(Source material)
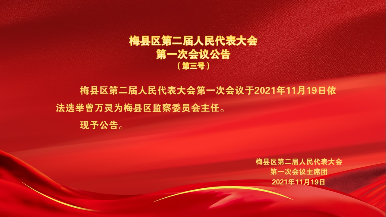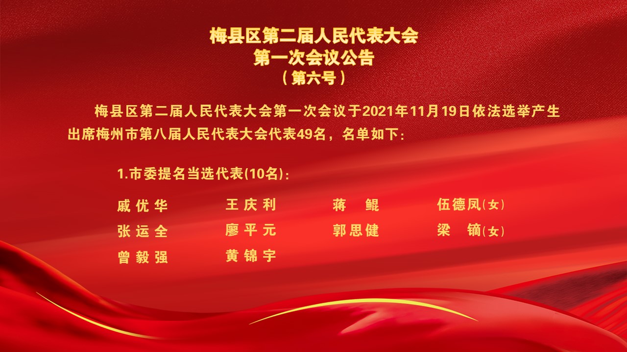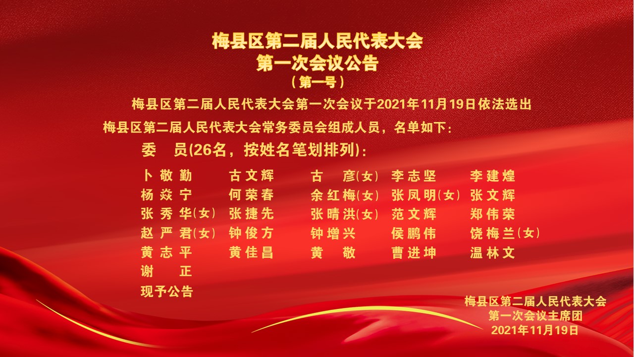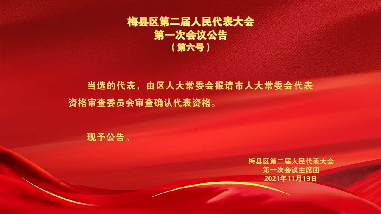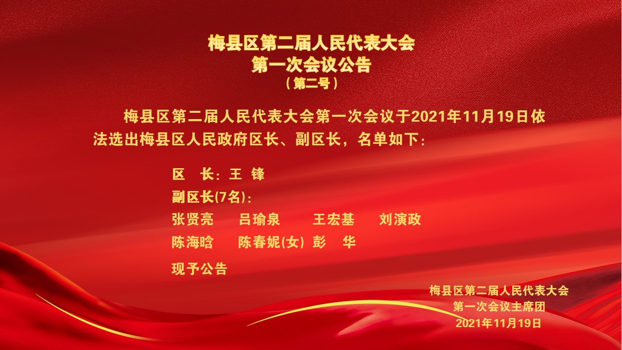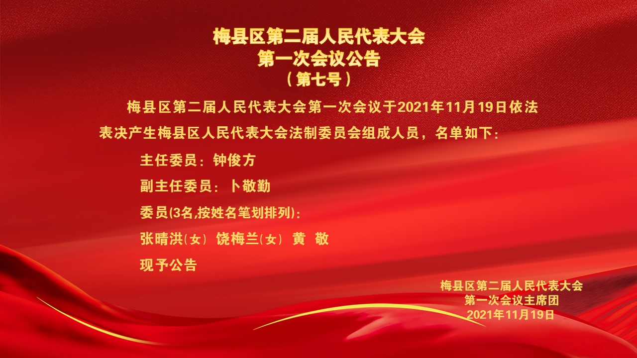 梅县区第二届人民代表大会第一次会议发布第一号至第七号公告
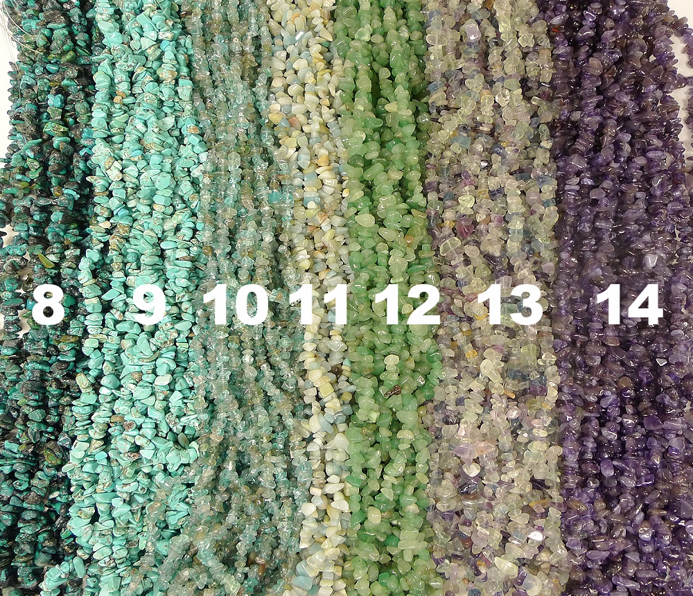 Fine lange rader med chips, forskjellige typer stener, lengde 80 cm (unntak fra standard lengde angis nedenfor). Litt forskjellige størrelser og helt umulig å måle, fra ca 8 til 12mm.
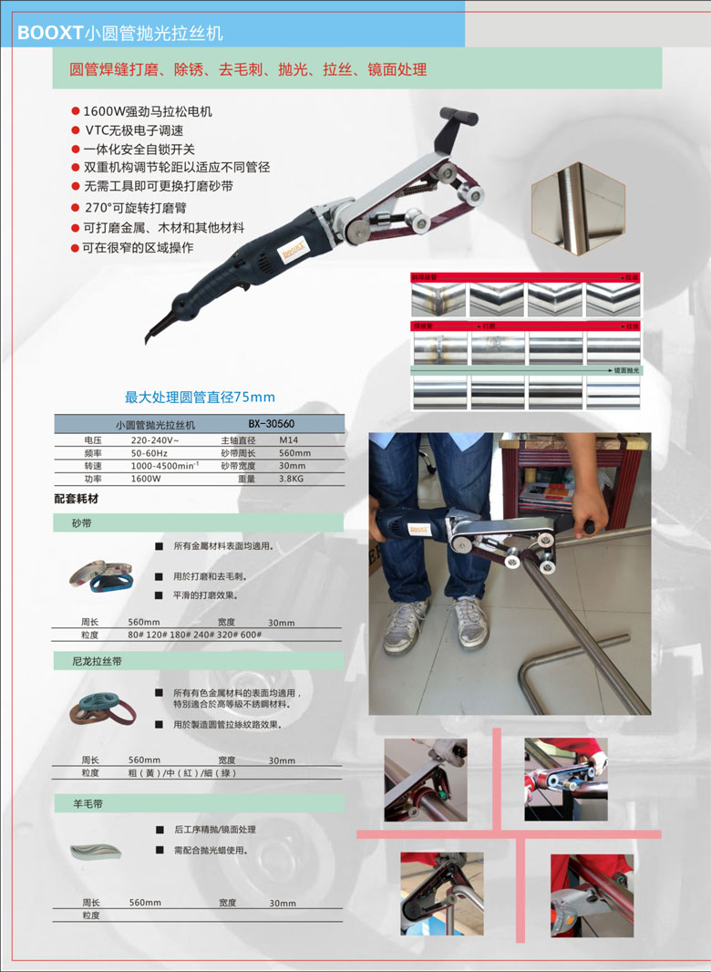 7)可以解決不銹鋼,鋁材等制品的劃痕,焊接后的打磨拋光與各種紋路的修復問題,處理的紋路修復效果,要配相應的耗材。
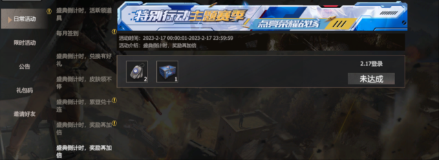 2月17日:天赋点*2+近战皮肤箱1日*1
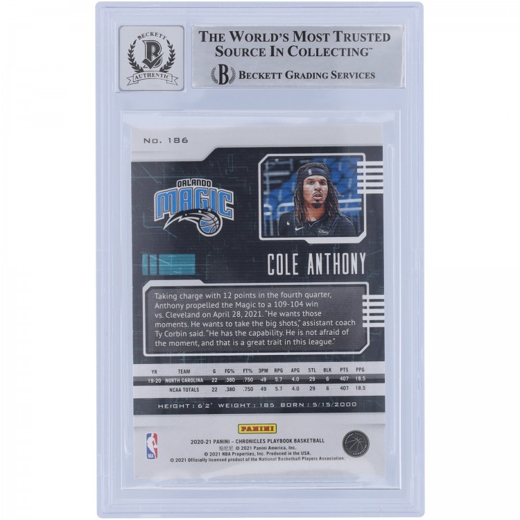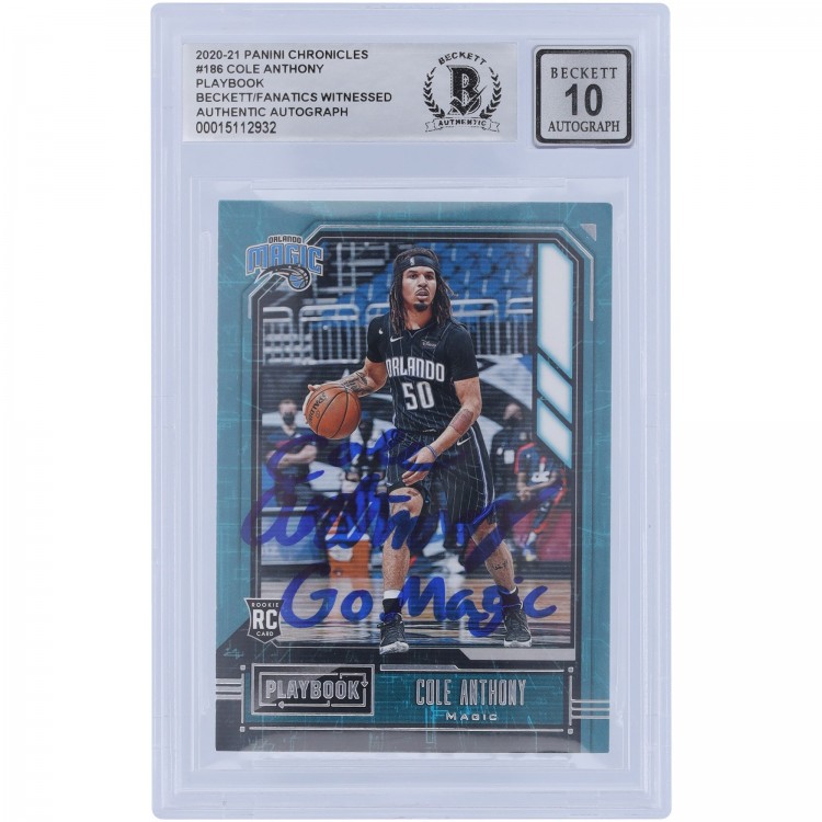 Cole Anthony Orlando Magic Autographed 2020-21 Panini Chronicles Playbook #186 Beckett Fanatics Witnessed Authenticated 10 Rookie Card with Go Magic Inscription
(End Source material)
(Source material)
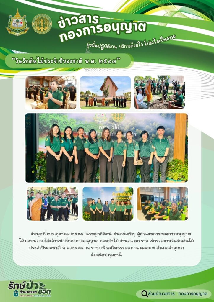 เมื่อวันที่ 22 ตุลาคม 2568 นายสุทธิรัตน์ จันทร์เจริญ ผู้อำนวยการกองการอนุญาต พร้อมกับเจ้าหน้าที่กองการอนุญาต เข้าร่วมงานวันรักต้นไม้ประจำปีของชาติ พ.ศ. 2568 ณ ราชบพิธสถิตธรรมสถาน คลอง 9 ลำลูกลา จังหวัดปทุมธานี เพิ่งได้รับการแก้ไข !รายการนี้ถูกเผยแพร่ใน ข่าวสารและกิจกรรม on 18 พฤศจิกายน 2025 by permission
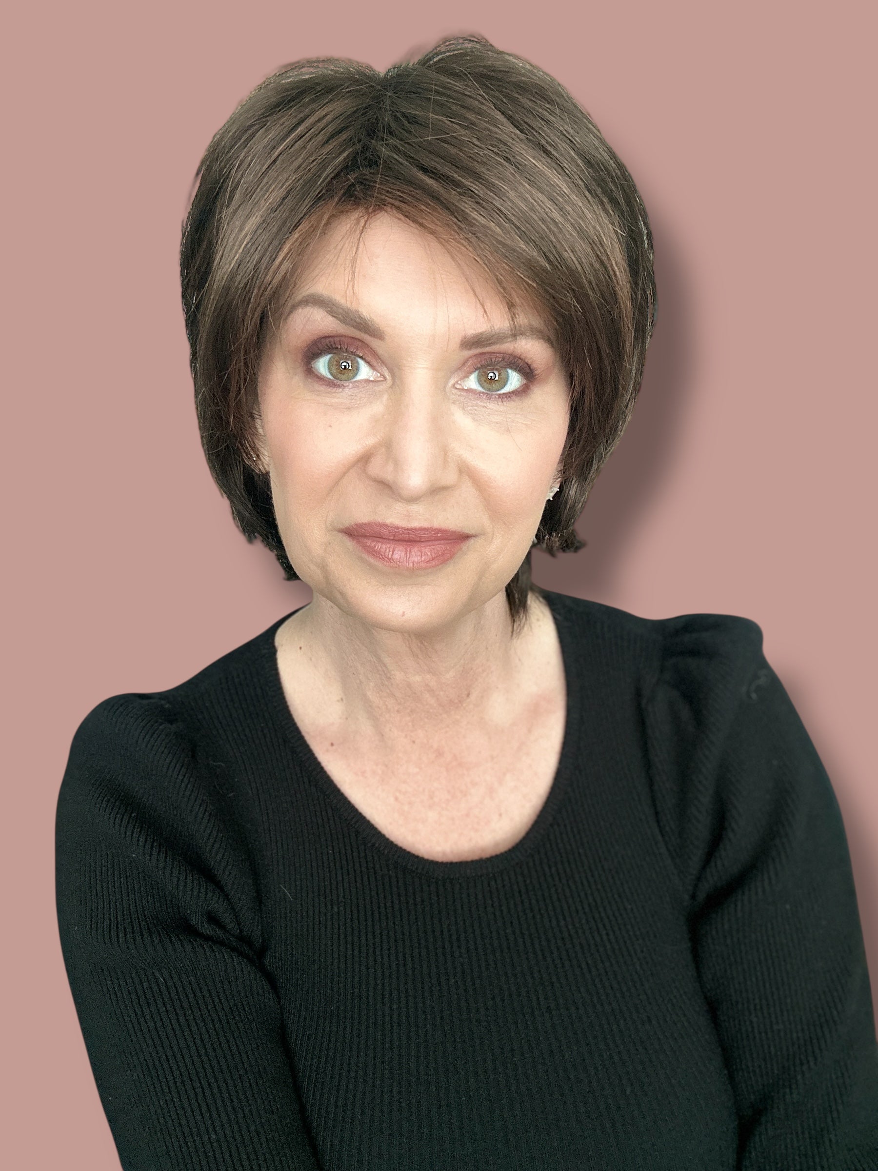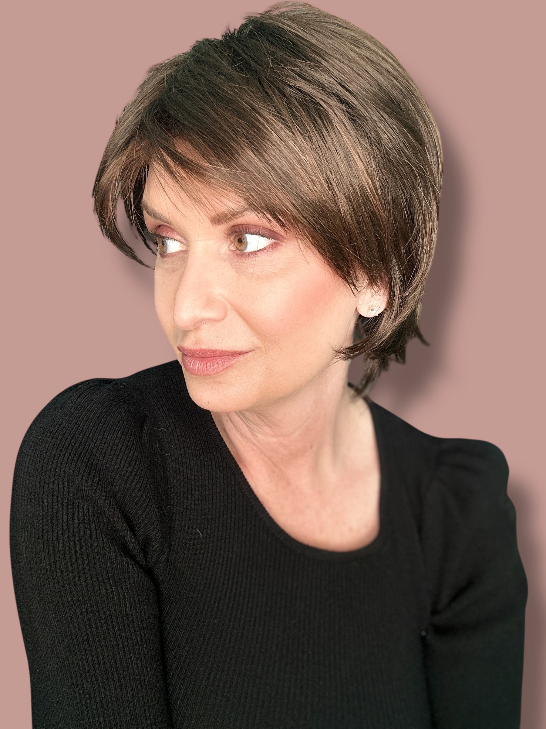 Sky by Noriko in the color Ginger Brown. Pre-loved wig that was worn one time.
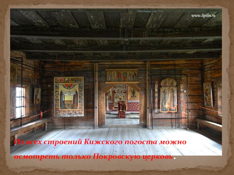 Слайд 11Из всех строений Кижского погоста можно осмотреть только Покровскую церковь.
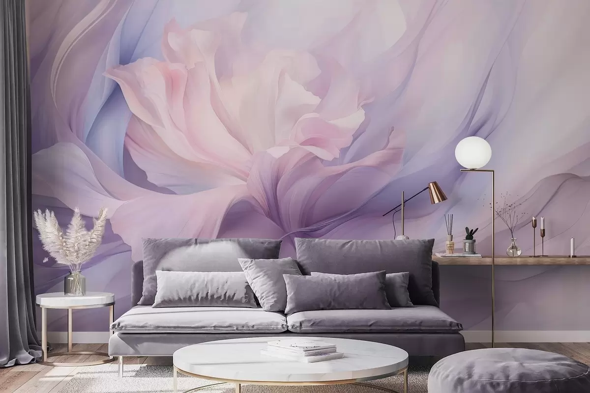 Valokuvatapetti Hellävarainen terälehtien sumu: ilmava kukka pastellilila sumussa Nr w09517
(End Source material)
◆ The problem
Print exactly the lines above that run from the one with "梅县区第二届人民代表大会第一次会议发布第一号至第七号公告" down to the one with "2月17日:天赋点*2+近战皮肤箱1日*1", and omit the pictures.

◆ Reply
 梅县区第二届人民代表大会第一次会议发布第一号至第七号公告
 Fine lange rader med chips, forskjellige typer stener, lengde 80 cm (unntak fra standard lengde angis nedenfor). Litt forskjellige størrelser og helt umulig å måle, fra ca 8 til 12mm.
 7)可以解決不銹鋼,鋁材等制品的劃痕,焊接后的打磨拋光與各種紋路的修復問題,處理的紋路修復效果,要配相應的耗材。
 2月17日:天赋点*2+近战皮肤箱1日*1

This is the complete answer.